- [What to do] Although the material holds pictures, none belong in the copy; transcribe exactly, and only, the lines from the one with "点击商品后面 **价格/库存**" through the end.

# # # #

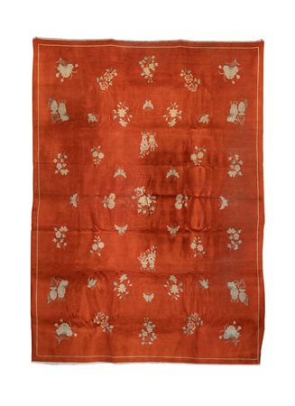 Lot 3 Tappeto cinese fondo corallo - decorato a tutto campo da fiori, vasi e farfalle. cm 245x340
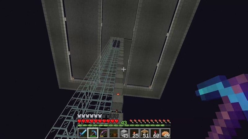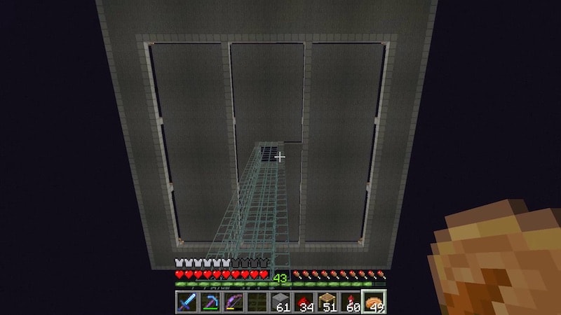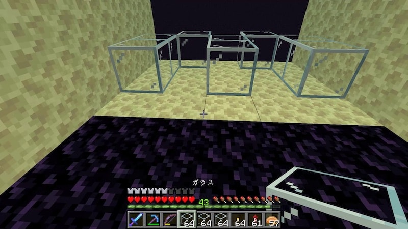 エンダーマンが落下してくるところを、Y243までガラスで囲っていきます。Y243は滑らかな石にしましたが。
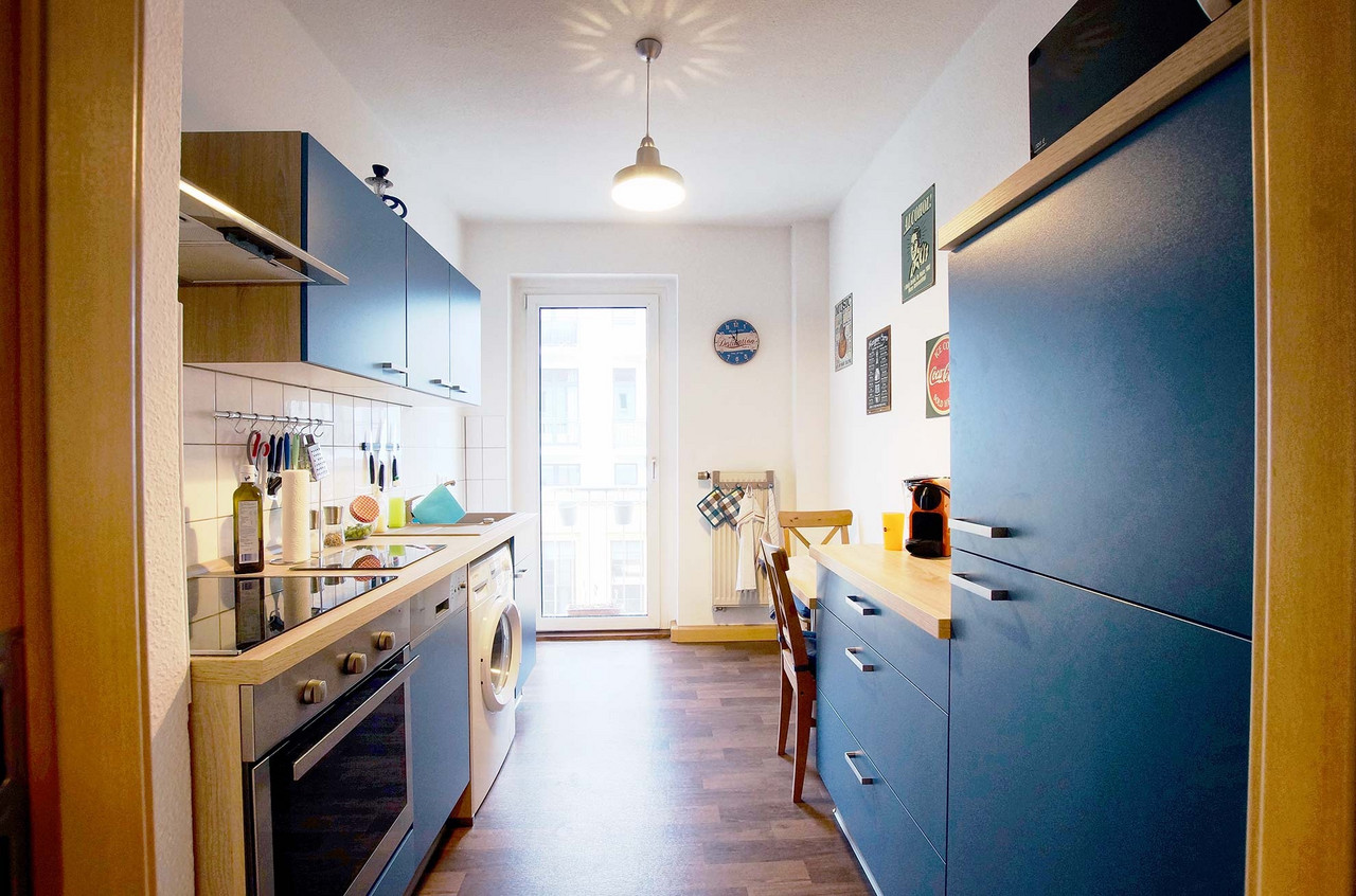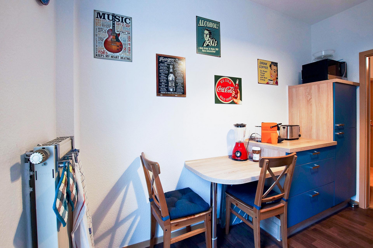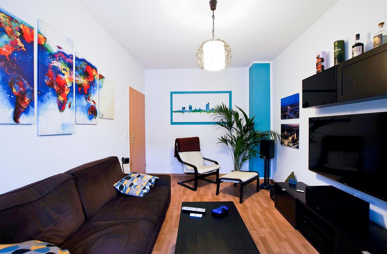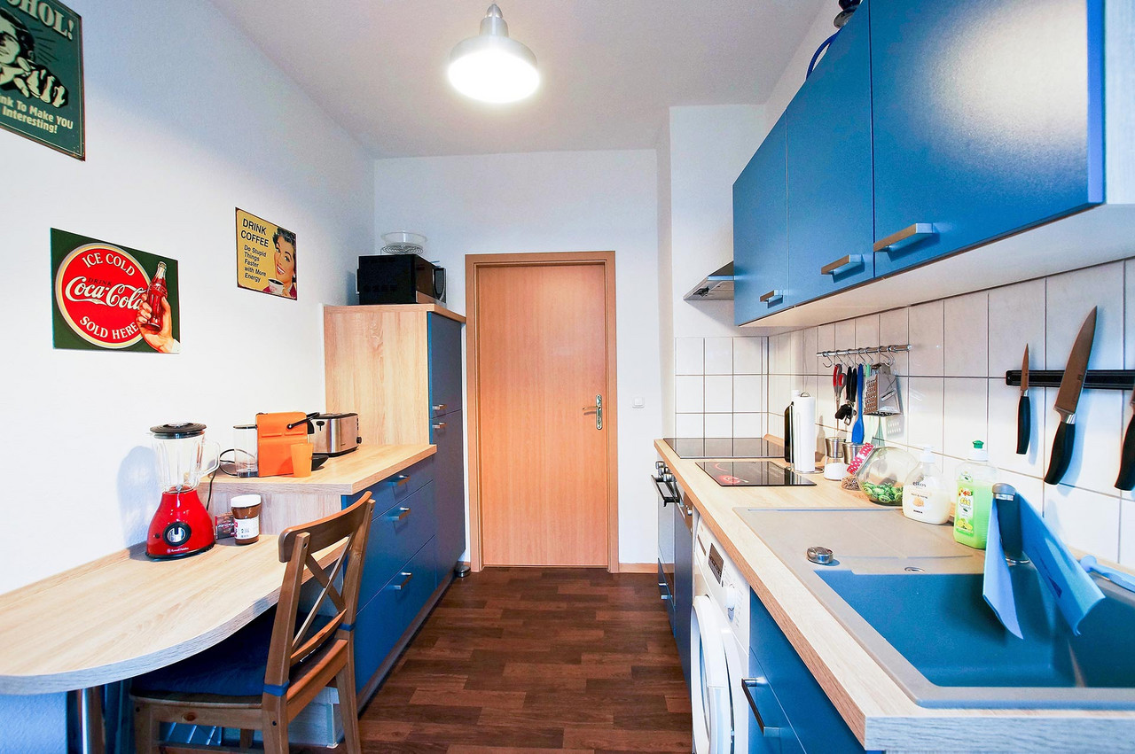 Männer-Wohlfühlzimmer Philipp S. Was ein Männer-Wohlfühlzimmer ist? Eine bequeme Couch steht drin, es gibt einen großen Fernseher, eine Playstation (FIFA) und einen am Tisch fest installierten Flaschenöffner. Man muss kein chronischer Biertrinker sein, um das gut zu finden – meinen jedenfalls die Freunde, wenn sie zum Chillen oder Zocken kommen. Für Philipp S. bedeutet Wohnen das Umsetzen eines eigenen Stils, vielleicht auch einer Haltung. Er liebt schwarz, kombiniert mit Farben. Sie sind bewusst als Möbelfronten, breite Farbstreifen an Wänden oder angedeuteten Rahmen eingesetzt. Das Blau in der Küche hat es ihm angetan. Mit Hilfe von OBI hat er entsprechend der räumlichen Gegebenheiten und dem französischen Fenster als Dominante die Küchenmöbel selbst gebaut. Einige der Emailleschilder hat er sich aus den USA mitgebracht. Er war schon mehrmals dort, vor allem im warmen Florida. Die Connewitzer Wohnung ist seine Basisstation für die Reisen, zu den Konzerten im Coney Island, für die Ausflüge in den Auenwald, zur Constanze oder in die Südbrause und zum monatlichen Essen im Freundeskreis mit wechselnder Gastronomie. Der Außendienstler ist dienstlich und privat viel unterwegs. Oft auch mit Kamera. Landschafts- und Architekturfotografie sind sein Metier. Und wenn es doch mal an der nötigen Motivation mangelt, schätzt er seinen Balkon, insbesondere im Sommer. Vergangenes Jahr stand hier eine 2 Meter hohe rote Sonnenblume. Übersicht Geschichtennächste Geschichte vorherige
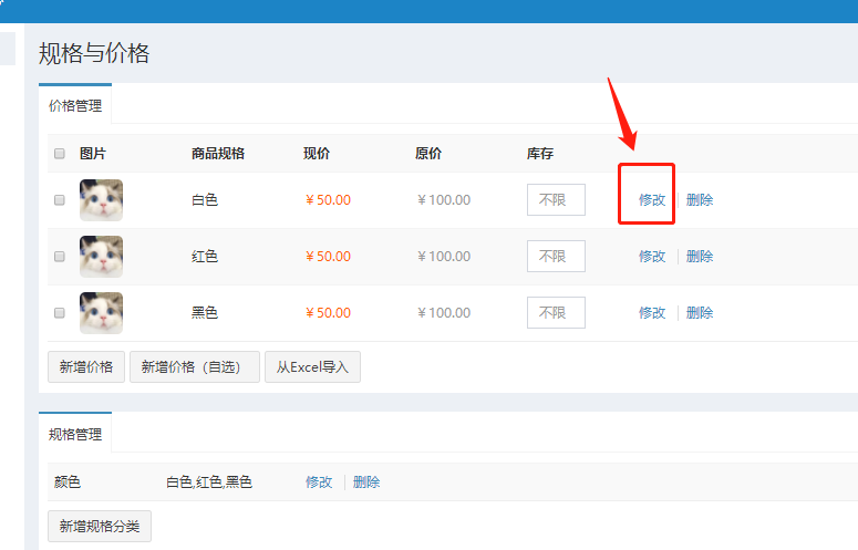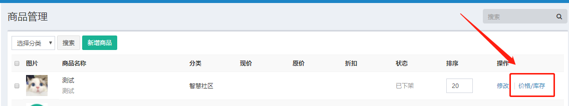 点击商品后面 **价格/库存**
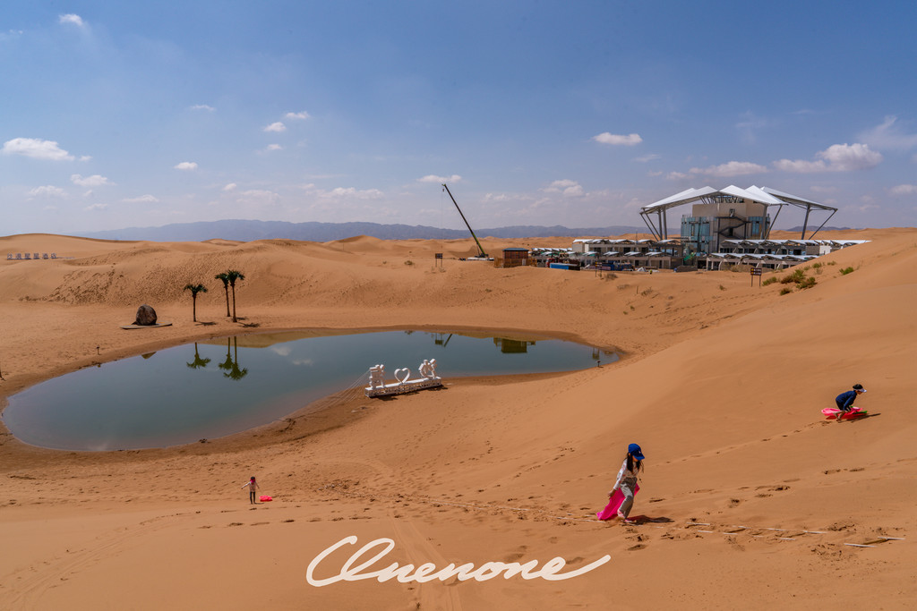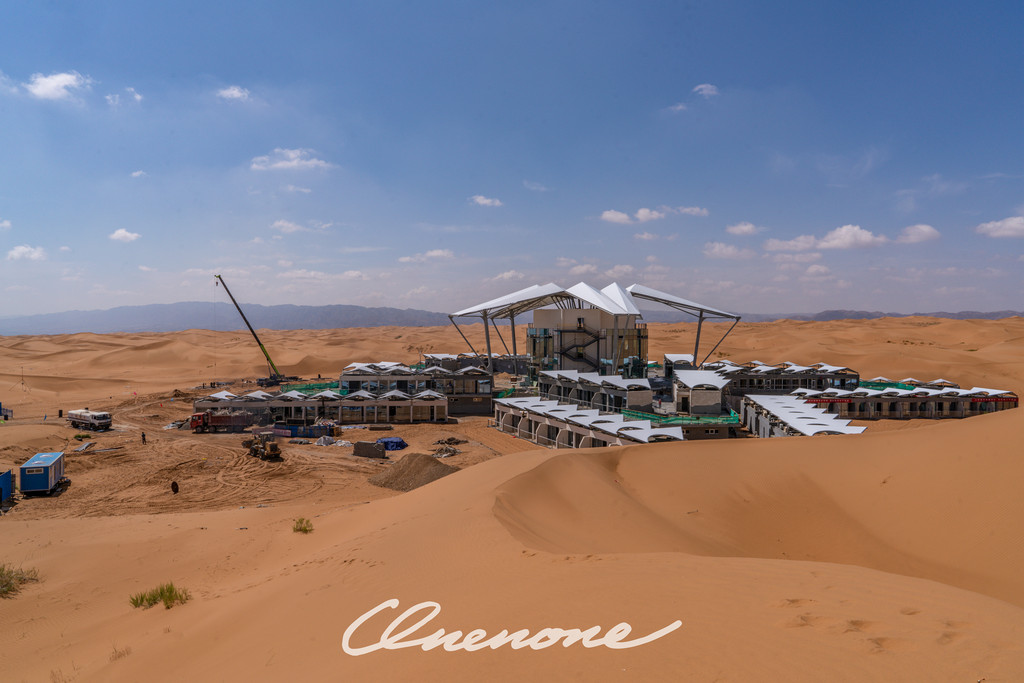 沙漠星星酒店计划建筑规模占地50亩,总投资1.4亿元,初期工程建设客房180间,将在2020年底全面对外营业,我2020年7月去体验的时候,前期营业中的40多间客房都在B区。A区是以五角星造型主体建筑展开,各个角之间有露天泳池和其它休闲娱乐区域。A区正紧张施工中,B区部分客房也在更新修缮和设备调试。

# # # #

- [Task solution]
 点击商品后面 **价格/库存**
 沙漠星星酒店计划建筑规模占地50亩,总投资1.4亿元,初期工程建设客房180间,将在2020年底全面对外营业,我2020年7月去体验的时候,前期营业中的40多间客房都在B区。A区是以五角星造型主体建筑展开,各个角之间有露天泳池和其它休闲娱乐区域。A区正紧张施工中,B区部分客房也在更新修缮和设备调试。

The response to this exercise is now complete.